Reframe Setbacks As Opportunities
Second, it built a David and Goliath story. The Swedish dairy lobby (200 times their size, sales-wise), sued Oatly for their use of the slogan “It’s like milk, but made for humans”, saying it made regular milk look old-fashioned. Oatly didn’t roll over. Instead, they published the lawsuit online and took out full-page ads telling everyone that the milk lobby had to resort to being bullies. This underdog tale catapulted them into fame, despite them losing the case.
Distribution Is A Strategy
Third, it designed a clever launch strategy to the United States. After getting a foothold in a chain of bubble tea shops, it expanded via targeting respected local coffee shops.
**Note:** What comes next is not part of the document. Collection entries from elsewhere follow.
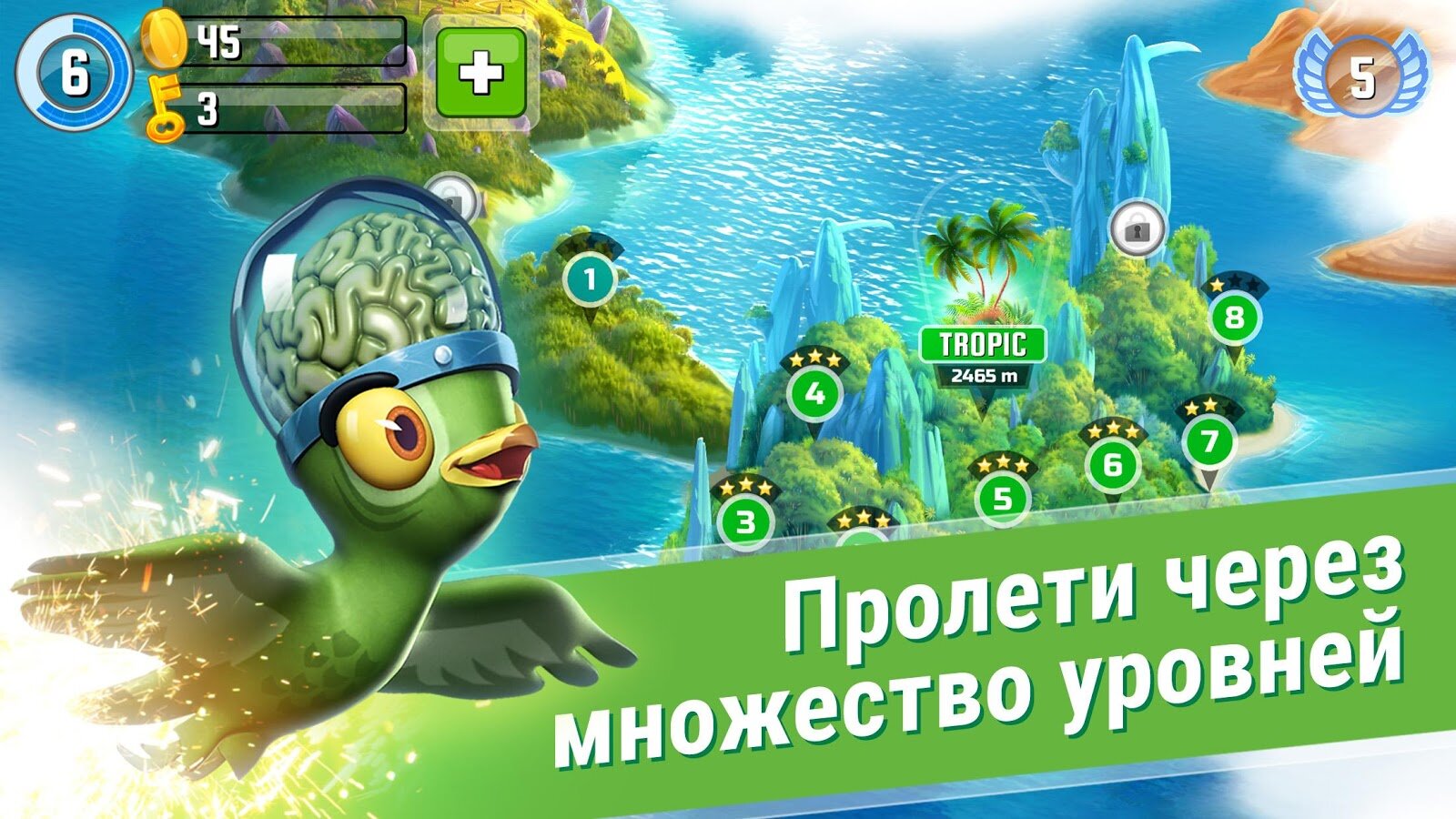 Ты начнешь летать с Фрэнки — слегка «потрепанным» персонажем, только что сбежавшим из жуткой летной лаборатории доктора Петуховича. Твоя задача — летать как можно дальше, собирать монеты и находить ключи, чтобы выпускать страннокрылов из плена безумного ученого.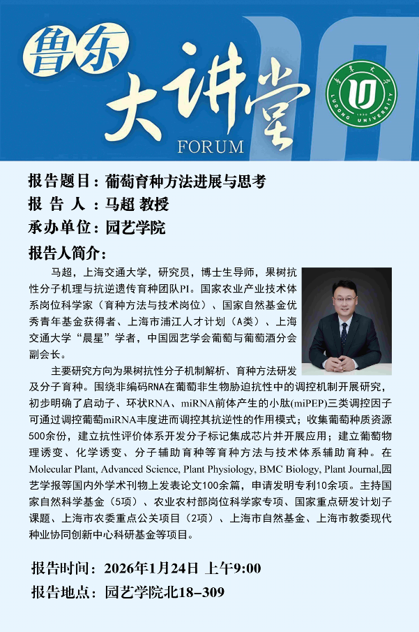 上一条:鲁东大讲堂预告丨鱼类T细胞免疫【2026年1月25日9:00】
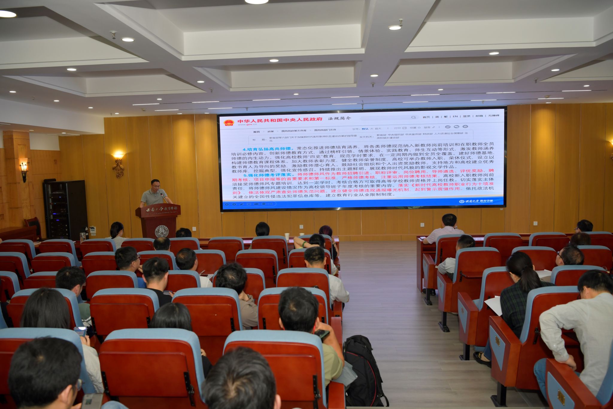 5月10日下午,bat365正版唯一官网“双一流”(教育学)师德师风建设推进会在教育学部802报告厅顺利召开。学校党委教师工作部部长李燕,发展规划与学科建设部副部长、学科建设办公室主任周琪,教育学部全体班子成员和教育学部、西南民族教育与心理研究中心教职工参加会议。会议由学部党委书记周文全主持。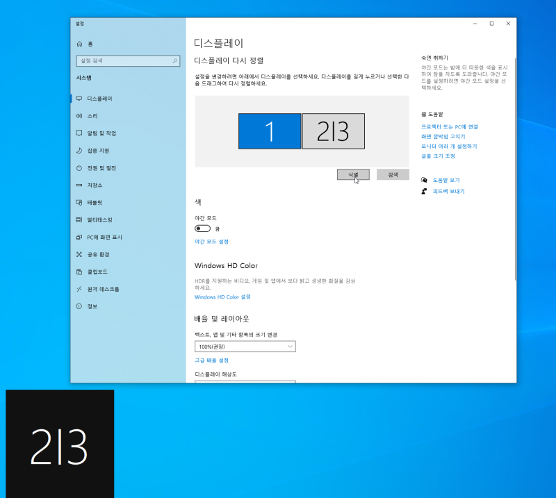 3. 식별 1번 모니터를 누르고 하단에 배율 및 레이아웃을 보면 디스플레이 해상도, 크기 설정이 되어있는게 보이실겁니다.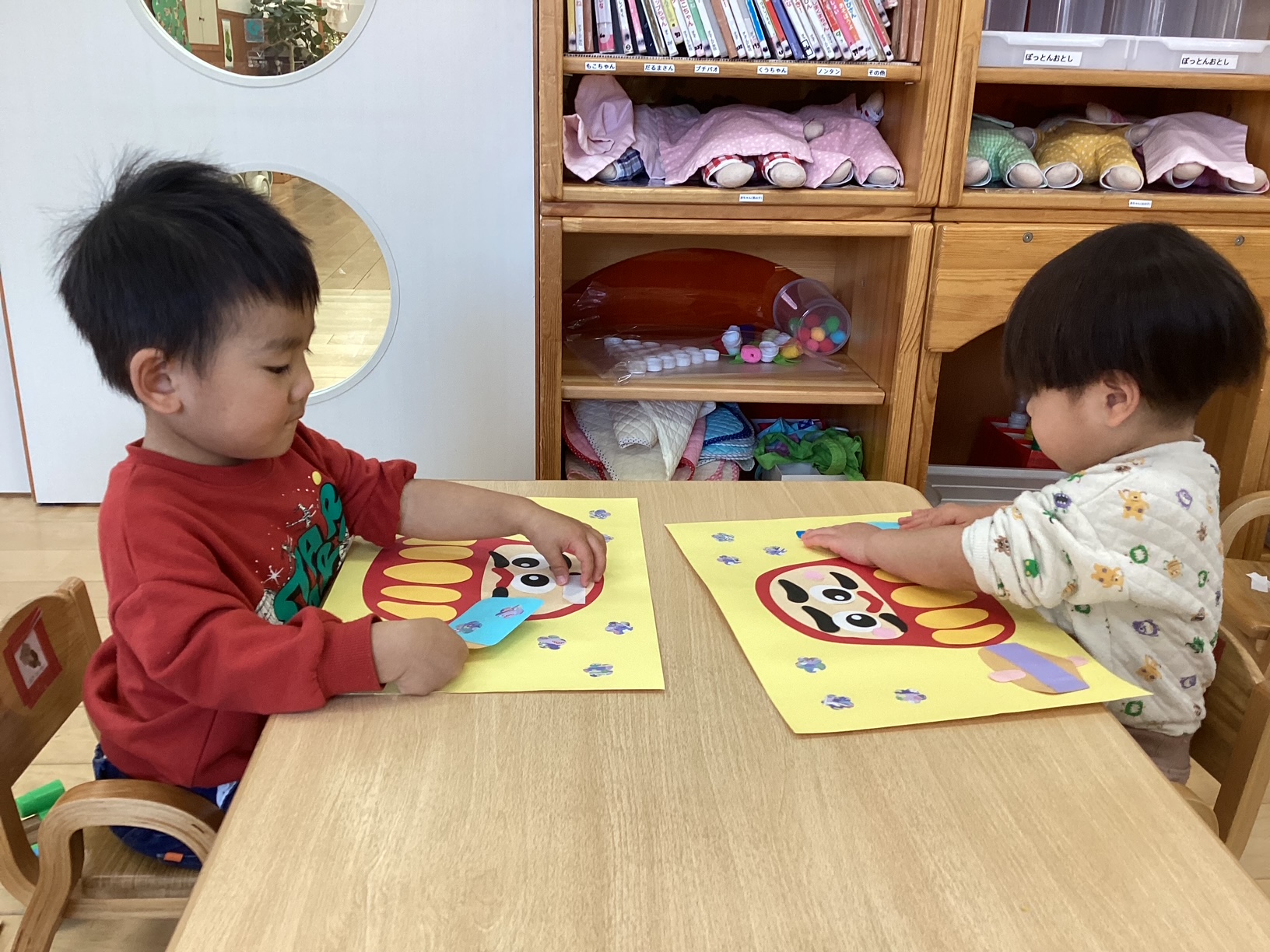 お正月の製作「だるま」とっても個性的な作品が仕上がりました♪ 自分の顔の目、眉毛を確かめながら丁寧に貼っていきましたよ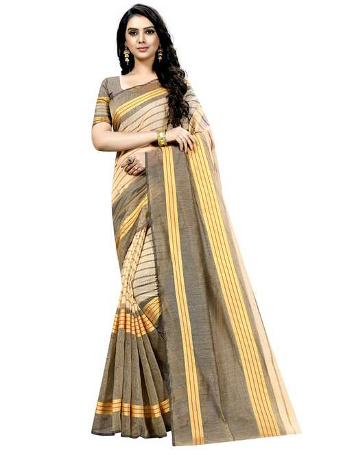 beige striped saree with blouse - 21396823 - Very Small Image - 1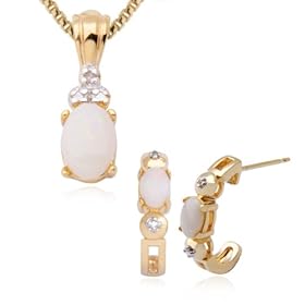 18k Yellow Gold Plated Sterling Silver Genuine Opal and Diamond Accent Pendant, 18" and Earring Set: Jewelry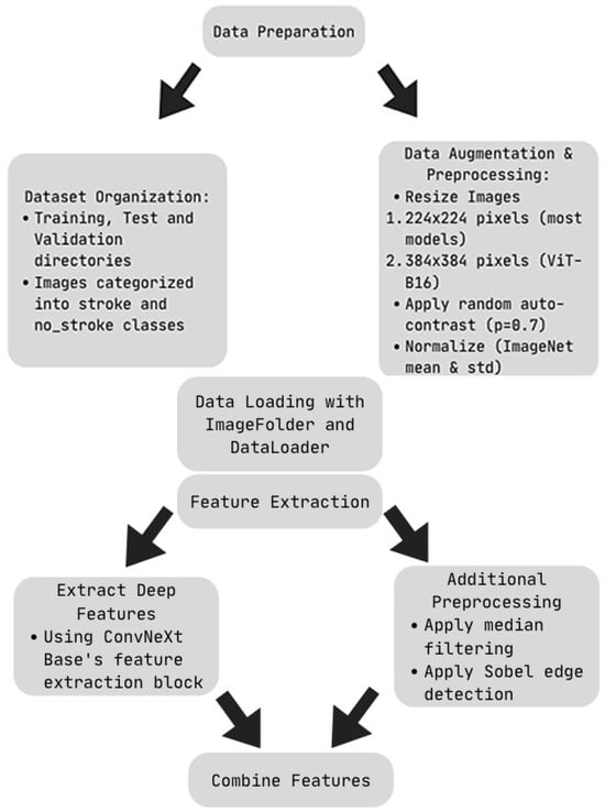 Stroke can be divided into two main types based on its cause: ischemic and hemorrhagic. An ischemic stroke occurs when a blood vessel in the brain becomes blocked, resulting in a lack of blood flow to a specific part of the brain. This can happen due to a blood clot (thrombosis), a piece of debris from the heart (cardio-embolism), a buildup of plaque in the arteries (atherosclerosis), or a blockage of many small arteries (platelets plug). In contrast, hemorrhagic stroke occurs when a blood vessel in the brain bursts, causing bleeding in the brain [1,2]. In the last 20 years, stroke has become a major cause of death and long-term disabilities worldwide. According to the World Health Organization, stroke accounts for about one in every ten cases of illness globally and is the second most common cause of death worldwide [3,4,5]. Stroke is a major health issue in Turkey. Out of every 100,000 people, about 93–109 experience ischemic strokes (caused by blood clots in the brain) and 32–40 have intracerebral hemorrhages (bleeding in the brain). This means that about 142–158 people per 100,000 have a stroke. The high number of strokes in Turkey shows how much of a problem it is. This means that we need to find ways to prevent and treat strokes to reduce the number of people who get sick or die from them [6,7]. In cases of stroke, the initial 6 h are critical for effective treatment. During this acute phase, prompt decision-making and timely interventions by healthcare professionals are crucial [8,9,10]. Advanced brain scanning methods like CT and MRI have become crucial for rapidly identifying, understanding, and predicting the outcome of acute strokes [11]. Deep learning techniques have made significant progress in accurately forecasting acute ischemic stroke, a sudden loss of blood flow to the brain. This breakthrough has transformed healthcare, enabling early detection and intervention to mitigate stroke’s devastating effects.
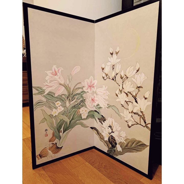 習い始めて18年の日本画。屛風はいちばんの大作です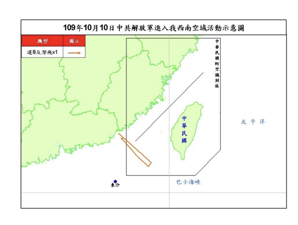 依照軍方近期的資料顯示,共機在9月16日至10月9日有56架次擾台,依序為9月16日,運8反潛機2架次;18日2架轟六、8架殲16、4架殲11與4架殲10;19日有12架殲16、2架殲10、2架殲11、2架轟六,以及1架運8反潛機;21日運8反潛機2架次;22日運8反潛機2架次;23日運8反潛機2架次;24日運8反潛機1架次;29日運8反潛機2架次。此外,10月1日運8反潛機1架次;10月3日運8反潛機1架次;10月4日運8反潛機1架次;10月6日運8反潛機1架次;10月7日空警500機1架次;10月8日運8反潛機1架次;10月9日1架運8反潛機、1架運9反潛機。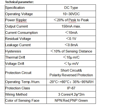 Бренд: Fotek Название продукта: датчик приближения (также называется датчиком) Модель: PL - 05 ns Характеристики 1. Все модели с защитой от короткого замыкания и полярностью обратной защиты. 2. Высокая прочная компактная структура IP-65 подходит для применения в плохих условиях. 3. Прецизионный регулятор легко получить лучшую регулировку чувствительности. 4. Все модели с операционным индикатором светильник, легко регулируется.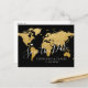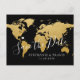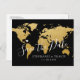 Black and gold world map save the date postcard for a travel theme wedding or destination wedding anywhere in the world... just move the heart to your location! Click CUSTOMIZE FURTHER to move the heart, change the background and text colour, change fonts, or rearrange the whole thing and create your own design using our elegant faux gold foil map. —— Perfect for tropical, beach, island, city, mountain and adventure destination wedding locations all over the world. Check our designer shop for matching invitations and day-of stationery.

It knew it needed people to trial the product – and who better to recommend it than the trusted local barista?
The outcome now is that it will never be able to make enough oat milk for The States. Ever.
Our take? The Oatly case study illuminates a couple of key points for brands. First, having a good product is the key starting point. If oat milk sucked, none of this would have been possible.
Second, a challenger brand can turn its weaknesses into strengths if it’s willing to take some risks (like losing a lawsuit).
Third, the launch strategy exploited two behavioural biases: authority, and then scarcity. Usually, we trust people of expertise, so getting baristas on board was a genius move. Then, running out of stock signalled that this was a product in demand. The news stories have likely only fuelled the demand for it.